1.  Any good compiler will complain about b never being used.
2.  Does it matter?  Have you benchmarked to determine that this
     particular construct is actually your bottleneck?   Please
     allow me to repeat Knuth's Law:  "Premature optimization
     is the root of all evil."    And I have just now invented
     red floyd's Corollary: "99% of all micro-optimizations are
     better performed by the compiler."

-- 
      [ See http://www.gotw.ca/resources/clcm.htm for info about ]
      [ comp.lang.c++.moderated.    First time posters: Do this! ]
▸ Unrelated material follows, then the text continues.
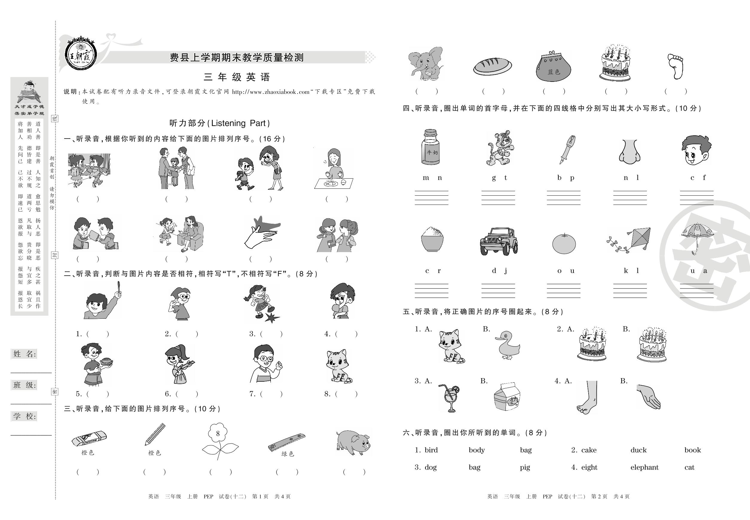 三年级英语人教PEP版(三起始)上册期末卷
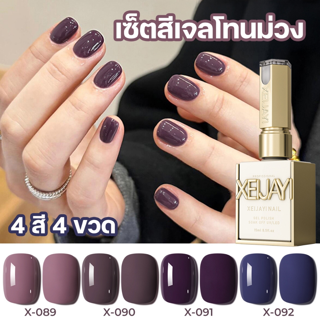 Xeijayi เซ็ตสีเจลทาเล็บ 4 ขวด โทนสีม่วง สีชัด ไม่ต้องทาหลายชั้น ทาง่ายไม่เป็นรอยแปรง

On 26 mar, 10:16, hongseok.y...@gmail.com wrote:
> // some code here
>
> {
>     int a;  // beginning of block
>     goto next;
>     int b;}
>
> next:
>
> // and some code here also...:)


Why are you using gotos?


> In above code, how much size of stack are allocated at the beginning
> of the block? 4 or 8(assume that int is 4 byte) byte?

Well, since here b can never be accessed anyway, it won't exist at
all.


> Is it more efficient if I move up >>int b;<<  to next line of >>int
> a;<<?

That's not how you design things.
You declare a variable when you can give it a proper value and make
the scope as restricted as possible for its usage.

The compiler will do whatever smart thing there is to do.


-- 
      [ See http://www.gotw.ca/resources/clcm.htm for info about ]
      [ comp.lang.c++.moderated.    First time posters: Do this! ]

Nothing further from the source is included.